RESULTS: Four articles containing five studies, including 633 cases and 926 controls, were included. Under the allele, homozygote and dominant model, the pooled ORs (95%CI, p-value) of rs1061581 were 1.32 (1.06-1.67, p = 0.019), 1.93 (1.10-3.36, p = 0.021) and 1.455 (1.408-2.019, p = 0.025), respectively. In addition, a significant association was found between rs2227956 in Caucasians and the NIHL susceptibility under all five genetic models. We did not discover evidence sufficient to prove the associations between the other three SNPs (rs1043618, rs2763979 and rs2075800) and the NIHL susceptibility.
CONCLUSION: This meta-analysis indicated that the two HSP70 variants, rs1061581 and rs2227956, may serve as genetic susceptibility factors for NIHL. Larger scale studies are required to further update the results.

Introduction

Noise is one of the most common sources of environmental stress in our contemporary society [1]. Continuous noise or acoustic overstimulation damages the cochlea structure and causes inner ear cell apoptosis, resulting in hearing impairment [2]. Noise-induced hearing loss (NIHL) has been the most recorded occupational disorder in the world, accounting for 7 to 21% of hearing loss [3, 4]. However, once NIHL occurs, few therapeutic methods would be clinically effective to date [5]. Thus, to establish a practical prediction system to individual NIHL susceptibility is necessary.

It cannot be ignored that the susceptibility to NIHL among individuals is obviously diverse; some individuals are more susceptible to NIHL than others. Several studies have suggested that this individual difference in susceptibility to NIHL is due to the diverse genetic background among individuals [6]. The genotypes or single nucleotide polymorphisms (SNPs) of some genes have been demonstrated to be related to individual NIHL susceptibility, such as SOD2 [7], GST [8], PCDH15 and MYH14 [9], but these genetic variations still cannot explain all individual differences. Therefore, it is necessary to identify more NIHL-associated genes or genetic polymorphisms to further improve the genetic predictive system of NIHL.

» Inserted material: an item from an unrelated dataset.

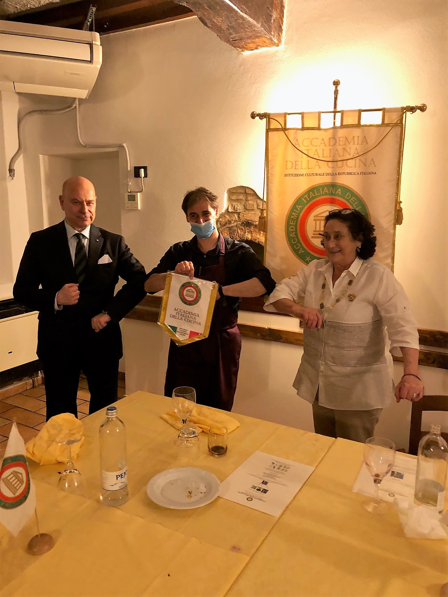In occasione della prima visita dopo il lockdown, la Delegazione di Utrecht ha fatto ritorno al premiato ristorante "La Rusticana" di Arnhem sotto la guida del Simposiarca Rob Cozzi. Lo chef/patron Luciano Frassi (foto 2) e il figlio Tiziano, sommelier, sono riusciti a superare le aspettative dei commensali. La serata é stata culturalmente allietata dalla relazione dell’architetto Peter Stokmans. In apertura, un eccellente aperitivo ha allietato gli Accademici disposti ai tavoli in piena sicurezza. Da non dimenticare gli accopiamenti con i vini, sempre ben introdotti dal sommelier Tiziano Frassi. Un sentito applauso per la brigata bianca e nera ha concluso la serata con piena soddisfazione dei partecipanti. Foto 1. Il Delegato Aris Spada. Foto 3. Capesante in lardo di colonnata con porcini e polenta morbida. Foto 4. Plin allo stracotto di agnello con sugo e gremolata.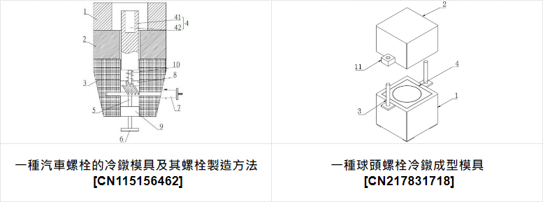 本項分類號(B21J013 )之專利包括『一種汽車螺栓的冷鐓模具及其螺栓製造方法、一種球頭螺栓冷鐓成型模具』等專利,以下為本期專利摘要說明。

Recent studies demonstrated that the disturbance of cellular proteostasis is critical in the development of NIHL [10]. The heat shock protein 70kD (HSP70) family, as molecular chaperones, are important for protein folding, modification, maturing and cellular normal function [11]. An increased expression of HSP70 has been found in cochlea cells under noise exposure and they further act as a protective factor in the development of NIHL [12]. What is noteworthy is that some studies indicated a close association between several SNPs in HSP70 genes, including rs1043618 [13, 14], rs2763979 [15], rs2227956 [14, 15], and rs1061581 [14] (the characteristics of these SNPs are listed in Table 1), and NIHL susceptibility, whereas no positive result for rs1043618, rs2227956 and rs1061581 was found in Yang‘s study [16]. For each SNP site, the conclusion in different studies is also diverse. A reason for the conflictive results is the heterogeneity among and the limitations in these studies, such as ethnicity, sample size, study design and many other factors, while meta-analysis has an advantage in assessing the heterogeneity and overcoming the limitations.

Table 1

Characteristics of the five SNPs in HSP70 genes.

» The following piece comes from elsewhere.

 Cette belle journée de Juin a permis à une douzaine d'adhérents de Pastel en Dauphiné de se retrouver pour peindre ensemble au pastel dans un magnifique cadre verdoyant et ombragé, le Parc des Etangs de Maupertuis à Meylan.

SNP	Location (gene)	Location (chromosome)	Synonymous or not	Variation in protein level
rs1043618	the 5’ UTR of HSPA1A	6p21.3	-	NA
rs2763979	936 bp upstream of the 5’ end of the HSPA1B*	6p21.3	-	NA
rs2227956	HSPA1A	6p21.3	a nonsynonymous variation	changes methionine to threonine resulting in the 3D structure alteration
rs2075800	HSPA1A	6p21.3	a nonsynonymous variation	changes glutamic acid to lysine resulting in the 3D structure alteration
rs1061581	HSPA1B	6p21.3	a synonymous variation	-

UTR: untranslated region; NA: not available;

* be considered belonging to the HSPA1B.

There is no meta-analysis or genome-wide association studies (GWAS) on the association of HSP70 polymorphisms with NIHL susceptibility to date. Aiming at evaluating the potential value of HSP70 variants in prediction for individual NIHL susceptibility, we focus on five reported SNPs in HSP70 genes here, perform a meta-analysis to address these conflicting results and assess whether HSP70 polymorphisms are associated with the susceptibility to NIHL. The results of this meta-analysis will provide theoretical basis for the application of the SNPs in HSP70 genes in the individualized prevention system to NIHL.

Methods

Search strategy

A comprehensive literature search was performed in the following English and Chinese databases: (1) PubMed; (2) Web of Science; (3) EMBASE; and (4) Wanfang Chinese database. The MeSH and free terms were all included in our search terms, which are listed as follows: “heat shock protein 70”, “hsp70”, “noise”, “hearing loss”, “noise-induced hearing loss” and “NIHL”. Our search logic in the PubMed database is listed as follows: “((heat shock protein 70) OR (hsp70)) AND ((noise AND (hearing loss) OR (noise-induced hearing loss) OR (hearing loss, noise-induced [MeSH]) OR NIHL)”. The publication languages were limited to English and Chinese. All studies that we searched were published before April 20th, 2017. We also manually checked all articles listed in the reference lists of the retrieved literatures.

Inclusion criteria

All studies included in our meta-analysis need to be confirmed with the following criteria: (1) independent case-control studies investigating the relationship between the SNPs in HSP70 genes and the development of NIHL; (2) studies including sufficient and definite original data (the genotype frequency of each SNP in HSP70 genes in the case and control groups) in which the odds ratio (OR) with its 95% confidential interval (CI) of each genotype at every SNP site can be calculated; (3) two independent sample sets in one study were considered as two different studies; and (4) the data in the latest publication were used when duplicate publications were found.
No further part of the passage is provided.